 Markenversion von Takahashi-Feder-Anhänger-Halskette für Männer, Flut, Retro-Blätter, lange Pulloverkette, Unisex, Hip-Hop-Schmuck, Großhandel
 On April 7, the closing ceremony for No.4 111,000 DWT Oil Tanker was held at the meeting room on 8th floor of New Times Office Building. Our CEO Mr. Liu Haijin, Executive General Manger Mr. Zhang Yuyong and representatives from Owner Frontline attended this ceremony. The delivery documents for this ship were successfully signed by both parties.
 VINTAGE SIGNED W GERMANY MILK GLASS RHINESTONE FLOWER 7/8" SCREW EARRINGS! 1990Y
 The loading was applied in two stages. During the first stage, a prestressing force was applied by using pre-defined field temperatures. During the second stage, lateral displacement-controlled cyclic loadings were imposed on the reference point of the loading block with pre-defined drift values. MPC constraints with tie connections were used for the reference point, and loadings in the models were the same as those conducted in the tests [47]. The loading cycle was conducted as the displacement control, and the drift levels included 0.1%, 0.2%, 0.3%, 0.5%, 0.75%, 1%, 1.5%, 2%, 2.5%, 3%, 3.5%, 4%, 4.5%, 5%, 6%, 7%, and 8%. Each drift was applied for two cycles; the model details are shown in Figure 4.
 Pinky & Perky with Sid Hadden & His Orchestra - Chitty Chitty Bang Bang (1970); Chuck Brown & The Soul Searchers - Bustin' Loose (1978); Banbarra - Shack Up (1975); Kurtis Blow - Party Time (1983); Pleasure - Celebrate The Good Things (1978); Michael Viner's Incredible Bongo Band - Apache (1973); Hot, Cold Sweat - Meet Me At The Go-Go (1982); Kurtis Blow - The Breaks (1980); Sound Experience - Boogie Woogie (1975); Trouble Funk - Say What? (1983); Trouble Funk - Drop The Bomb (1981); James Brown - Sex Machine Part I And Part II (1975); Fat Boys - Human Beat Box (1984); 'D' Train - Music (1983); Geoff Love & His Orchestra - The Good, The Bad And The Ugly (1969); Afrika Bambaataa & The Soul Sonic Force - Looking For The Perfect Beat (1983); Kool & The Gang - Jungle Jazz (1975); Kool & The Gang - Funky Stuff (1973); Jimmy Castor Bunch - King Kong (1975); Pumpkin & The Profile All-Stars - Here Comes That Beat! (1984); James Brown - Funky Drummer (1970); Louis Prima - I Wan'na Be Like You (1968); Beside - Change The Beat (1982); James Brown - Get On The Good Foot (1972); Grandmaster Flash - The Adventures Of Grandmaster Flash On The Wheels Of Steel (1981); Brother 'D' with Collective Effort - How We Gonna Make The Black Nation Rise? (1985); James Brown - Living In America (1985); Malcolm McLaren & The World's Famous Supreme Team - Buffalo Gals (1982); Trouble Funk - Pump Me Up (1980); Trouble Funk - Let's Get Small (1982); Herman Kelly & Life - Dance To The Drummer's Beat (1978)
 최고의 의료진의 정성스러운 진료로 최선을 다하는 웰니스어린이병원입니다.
# # # #
*Task description*. Copy the material above so that it matches line for line.

*Result*.
 Markenversion von Takahashi-Feder-Anhänger-Halskette für Männer, Flut, Retro-Blätter, lange Pulloverkette, Unisex, Hip-Hop-Schmuck, Großhandel
 On April 7, the closing ceremony for No.4 111,000 DWT Oil Tanker was held at the meeting room on 8th floor of New Times Office Building. Our CEO Mr. Liu Haijin, Executive General Manger Mr. Zhang Yuyong and representatives from Owner Frontline attended this ceremony. The delivery documents for this ship were successfully signed by both parties.
 VINTAGE SIGNED W GERMANY MILK GLASS RHINESTONE FLOWER 7/8" SCREW EARRINGS! 1990Y
 The loading was applied in two stages. During the first stage, a prestressing force was applied by using pre-defined field temperatures. During the second stage, lateral displacement-controlled cyclic loadings were imposed on the reference point of the loading block with pre-defined drift values. MPC constraints with tie connections were used for the reference point, and loadings in the models were the same as those conducted in the tests [47]. The loading cycle was conducted as the displacement control, and the drift levels included 0.1%, 0.2%, 0.3%, 0.5%, 0.75%, 1%, 1.5%, 2%, 2.5%, 3%, 3.5%, 4%, 4.5%, 5%, 6%, 7%, and 8%. Each drift was applied for two cycles; the model details are shown in Figure 4.
 Pinky & Perky with Sid Hadden & His Orchestra - Chitty Chitty Bang Bang (1970); Chuck Brown & The Soul Searchers - Bustin' Loose (1978); Banbarra - Shack Up (1975); Kurtis Blow - Party Time (1983); Pleasure - Celebrate The Good Things (1978); Michael Viner's Incredible Bongo Band - Apache (1973); Hot, Cold Sweat - Meet Me At The Go-Go (1982); Kurtis Blow - The Breaks (1980); Sound Experience - Boogie Woogie (1975); Trouble Funk - Say What? (1983); Trouble Funk - Drop The Bomb (1981); James Brown - Sex Machine Part I And Part II (1975); Fat Boys - Human Beat Box (1984); 'D' Train - Music (1983); Geoff Love & His Orchestra - The Good, The Bad And The Ugly (1969); Afrika Bambaataa & The Soul Sonic Force - Looking For The Perfect Beat (1983); Kool & The Gang - Jungle Jazz (1975); Kool & The Gang - Funky Stuff (1973); Jimmy Castor Bunch - King Kong (1975); Pumpkin & The Profile All-Stars - Here Comes That Beat! (1984); James Brown - Funky Drummer (1970); Louis Prima - I Wan'na Be Like You (1968); Beside - Change The Beat (1982); James Brown - Get On The Good Foot (1972); Grandmaster Flash - The Adventures Of Grandmaster Flash On The Wheels Of Steel (1981); Brother 'D' with Collective Effort - How We Gonna Make The Black Nation Rise? (1985); James Brown - Living In America (1985); Malcolm McLaren & The World's Famous Supreme Team - Buffalo Gals (1982); Trouble Funk - Pump Me Up (1980); Trouble Funk - Let's Get Small (1982); Herman Kelly & Life - Dance To The Drummer's Beat (1978)
 최고의 의료진의 정성스러운 진료로 최선을 다하는 웰니스어린이병원입니다.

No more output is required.